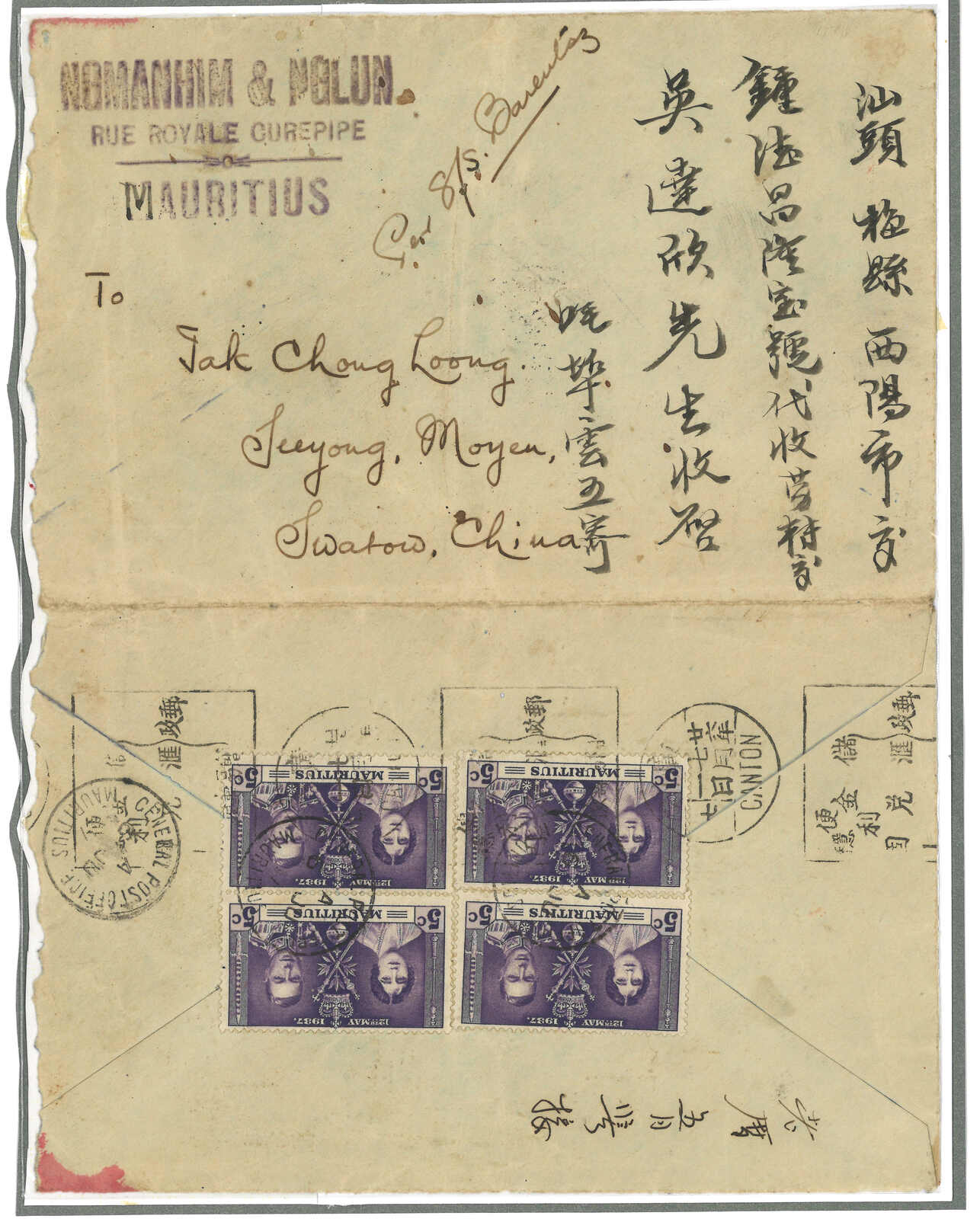 1937.9.7 毛里求斯寄梅縣,貼毛里求斯佐治六世加冕票5分x4,銷中央郵局日戳。10.20經廣州,鈐貯金宣傳機戳。少見之毛里求斯始發地。封剖開以作展示。(Image 1)
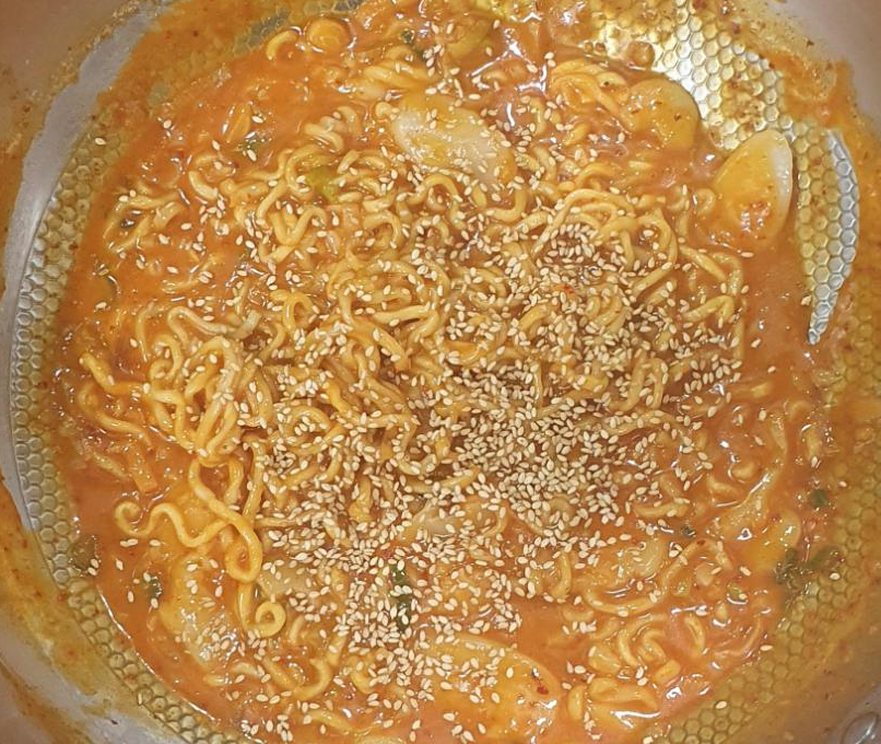 마지막으로 통깨 솔솔 뿌려 주시면 라볶이는 마무리되겠습니다. 와우... 최고의 야식 라볶이 완성되었습니다.~!^^
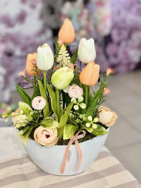 Fehér csónaktál díszítve minőségi, élethű gumitulipánokkal, selyemvirágokkal, zöldekkel, 22x13,5x31 cm
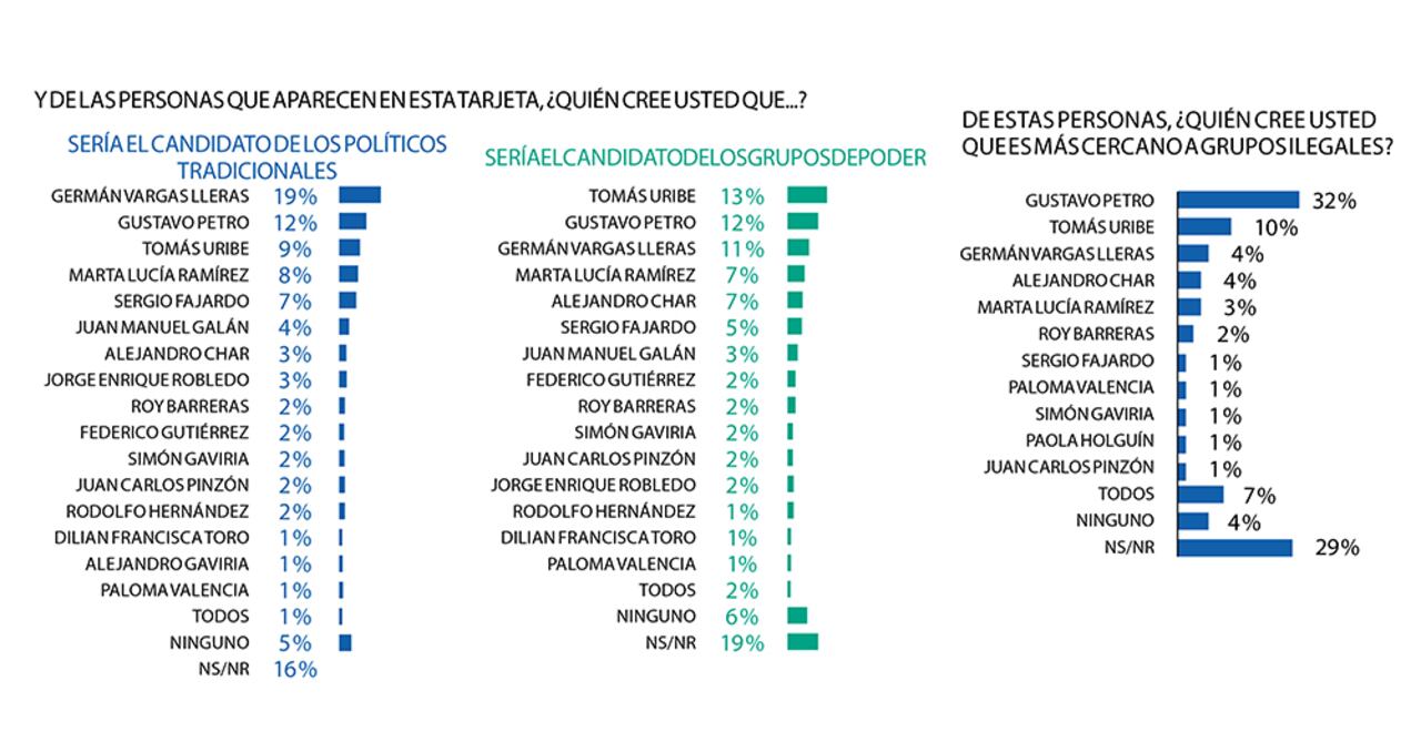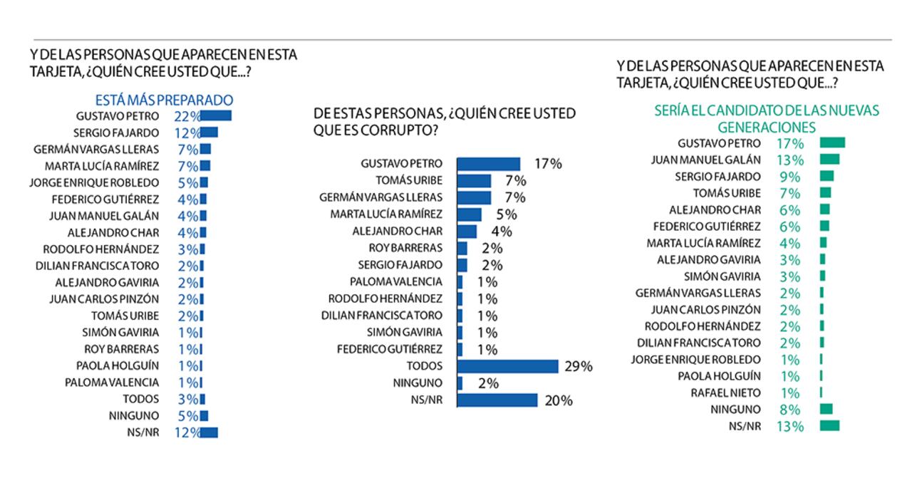 La muestra brinda varios indicadores negativos en los que Petro también aparece de primero: el 32 por ciento considera que sería un mal presidente, otro 32 por ciento lo ve como el candidato más cercano a los grupos armados ilegales y un 17 por ciento asegura que supuestamente es corrupto. Es decir, esos números evidencian que su mayor desafío será conquistar a las personas cuyo nombre les genera resistencia.
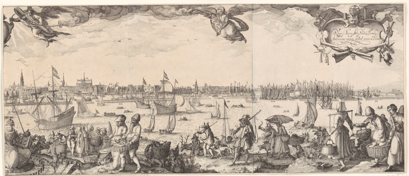 Profiel van Amsterdam, gezien vanaf het IJ. Gemaakt door prentmaker: Claes Jansz. Visscher in 1611.
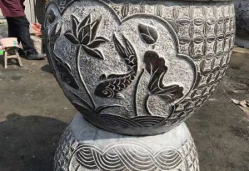 大型青石浮雕花盆雕塑
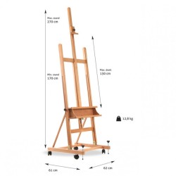 Le chevalet d'atelier Milan est fabriqué en hêtre huilé. Ce chevalet à patins monté sur roulettes possède une double tablette pour le rangement du matériel. Porte-toile extra-large de 57cm montée sur crémaillière métallique pour un réglage aisé. Superficie au sol : 61x62cm, hauteur maximale de la toile : 130cm, hauteur totale : 170 à 270cm, poids 12.8kg.
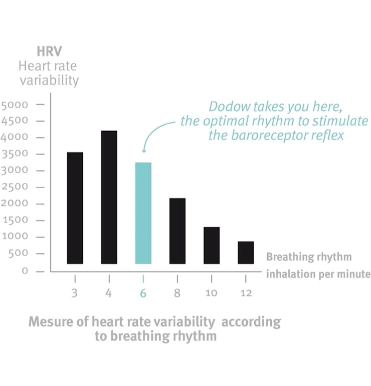 Il grafico mostra un vero e proprio incremento della HRV (heart rate variability) a partire da 6 respirazioni al minuto (maggiore è la HRV, più i ritmi cardiaci variano in modo fluido - in contrapposizione a una variazione irregolare - segno di un'attività autonomica parasimpatica dominante). Per ragioni di semplicità d'utilizzo, abbiamo deciso di non scendere al di sotto delle 6 respirazioni al minuto.
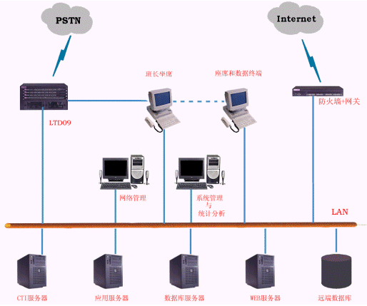 LTD4000客戶服務(wù)中心主要由LTD-09可編程智能語音交換機、業(yè)務(wù)代表座席、CTI服務(wù)器、數(shù)據(jù)庫服務(wù)器、WEB服務(wù)器、管理監(jiān)控工作站和網(wǎng)絡(luò)連接設(shè)備等部分組成。
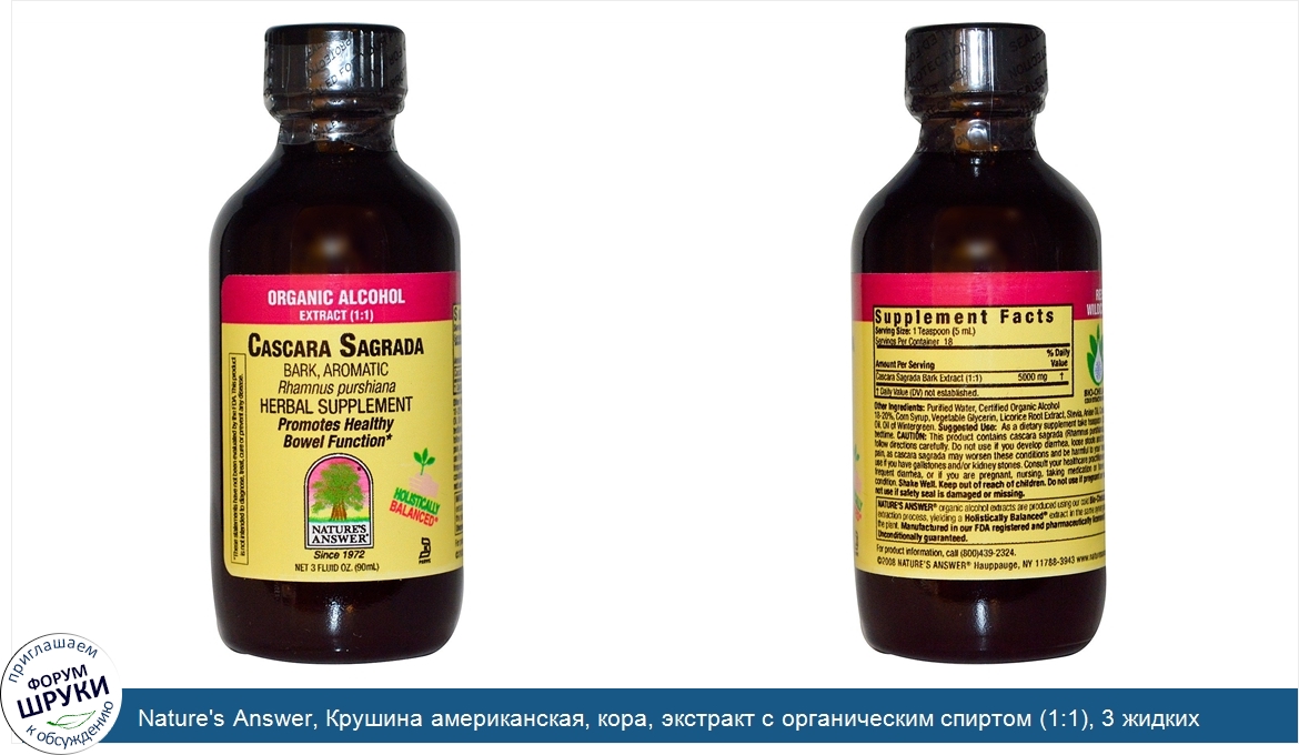 [DESCRIPT]Aromatic. Rhamnus Purshiana. Herbal Supplement. Promotes Healthy Bowel Function. Holistically Balanced. Since 1972. Kosher Parve. Responsibly Wildcrafted Herb. Bio-Chelated Cold Extraction Process. Nature's Answer organic alcohol extracts are produced using our cold Bio-Chelated proprietary extraction process, yielding a Holistically Balanced standardized extract. Liquid extracts are absorbed faster than tablets or capsules. Holistically Balanced guarantees that the constituents of the extract are in the same ratios as in the plant. Manufactured in our cGMP facility. Unconditionally guaranteed.[/DESCRIPT]... (описание дополняется)
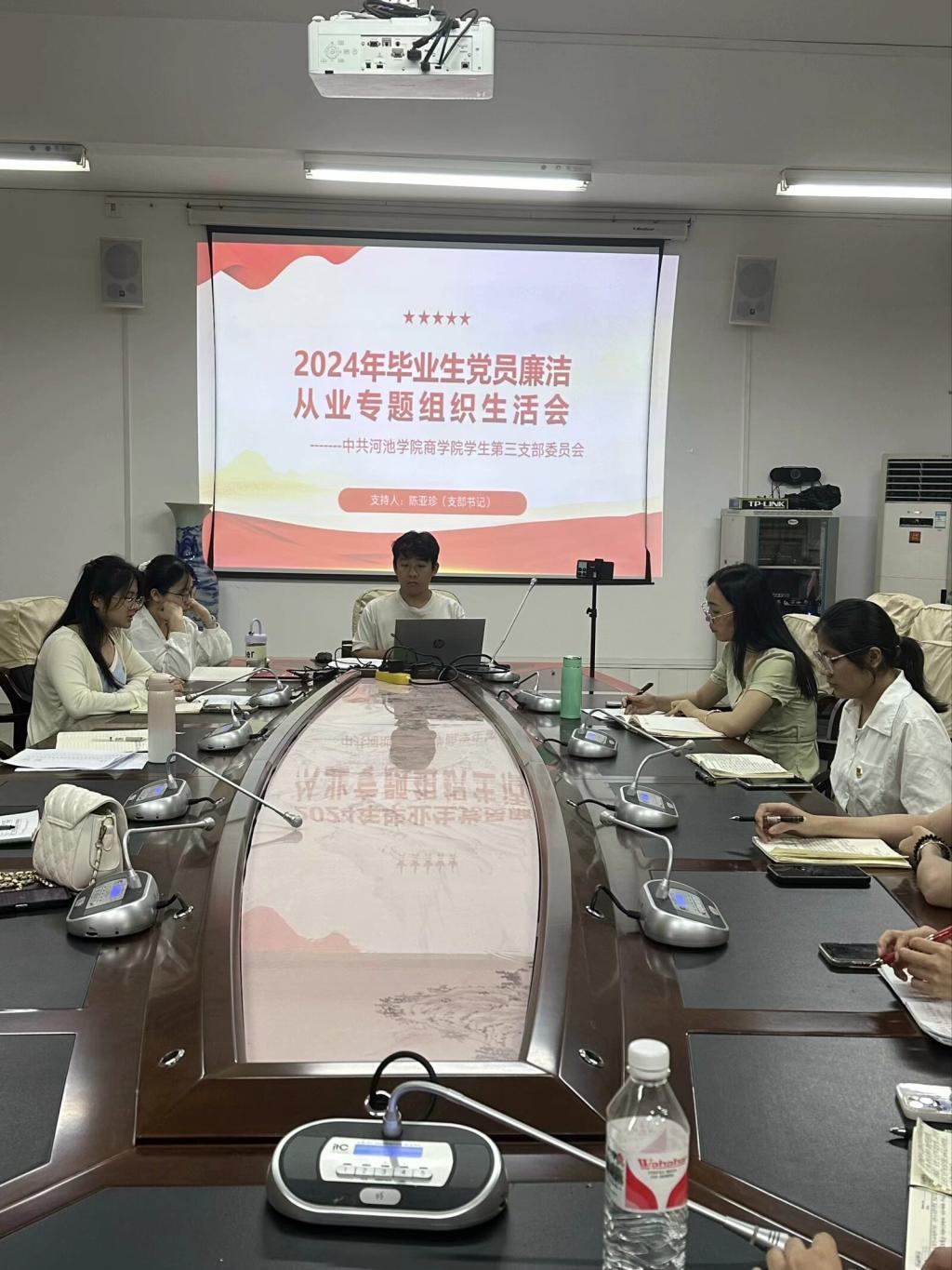 2024年5月13日晚上,bwin必赢在线登录入口学生第三党支部在我校行政楼206举办2024年毕业生党员廉洁从业专题组织生活会暨党纪学习教育党课,与会人员有bwin必赢在线登录入口学生第三党支部书记陈亚珍以及毕业学生党员。活动由陈亚珍同志主持。

........

#### [Instructions to follow]
Print the material above verbatim, no images.

#### [Answer below]
 1937.9.7 毛里求斯寄梅縣,貼毛里求斯佐治六世加冕票5分x4,銷中央郵局日戳。10.20經廣州,鈐貯金宣傳機戳。少見之毛里求斯始發地。封剖開以作展示。(Image 1)
 마지막으로 통깨 솔솔 뿌려 주시면 라볶이는 마무리되겠습니다. 와우... 최고의 야식 라볶이 완성되었습니다.~!^^
 Fehér csónaktál díszítve minőségi, élethű gumitulipánokkal, selyemvirágokkal, zöldekkel, 22x13,5x31 cm
 La muestra brinda varios indicadores negativos en los que Petro también aparece de primero: el 32 por ciento considera que sería un mal presidente, otro 32 por ciento lo ve como el candidato más cercano a los grupos armados ilegales y un 17 por ciento asegura que supuestamente es corrupto. Es decir, esos números evidencian que su mayor desafío será conquistar a las personas cuyo nombre les genera resistencia.
 Profiel van Amsterdam, gezien vanaf het IJ. Gemaakt door prentmaker: Claes Jansz. Visscher in 1611.
 大型青石浮雕花盆雕塑
 Le chevalet d'atelier Milan est fabriqué en hêtre huilé. Ce chevalet à patins monté sur roulettes possède une double tablette pour le rangement du matériel. Porte-toile extra-large de 57cm montée sur crémaillière métallique pour un réglage aisé. Superficie au sol : 61x62cm, hauteur maximale de la toile : 130cm, hauteur totale : 170 à 270cm, poids 12.8kg.
 Il grafico mostra un vero e proprio incremento della HRV (heart rate variability) a partire da 6 respirazioni al minuto (maggiore è la HRV, più i ritmi cardiaci variano in modo fluido - in contrapposizione a una variazione irregolare - segno di un'attività autonomica parasimpatica dominante). Per ragioni di semplicità d'utilizzo, abbiamo deciso di non scendere al di sotto delle 6 respirazioni al minuto.
 LTD4000客戶服務(wù)中心主要由LTD-09可編程智能語音交換機、業(yè)務(wù)代表座席、CTI服務(wù)器、數(shù)據(jù)庫服務(wù)器、WEB服務(wù)器、管理監(jiān)控工作站和網(wǎng)絡(luò)連接設(shè)備等部分組成。
 [DESCRIPT]Aromatic. Rhamnus Purshiana. Herbal Supplement. Promotes Healthy Bowel Function. Holistically Balanced. Since 1972. Kosher Parve. Responsibly Wildcrafted Herb. Bio-Chelated Cold Extraction Process. Nature's Answer organic alcohol extracts are produced using our cold Bio-Chelated proprietary extraction process, yielding a Holistically Balanced standardized extract. Liquid extracts are absorbed faster than tablets or capsules. Holistically Balanced guarantees that the constituents of the extract are in the same ratios as in the plant. Manufactured in our cGMP facility. Unconditionally guaranteed.[/DESCRIPT]... (описание дополняется)
 2024年5月13日晚上,bwin必赢在线登录入口学生第三党支部在我校行政楼206举办2024年毕业生党员廉洁从业专题组织生活会暨党纪学习教育党课,与会人员有bwin必赢在线登录入口学生第三党支部书记陈亚珍以及毕业学生党员。活动由陈亚珍同志主持。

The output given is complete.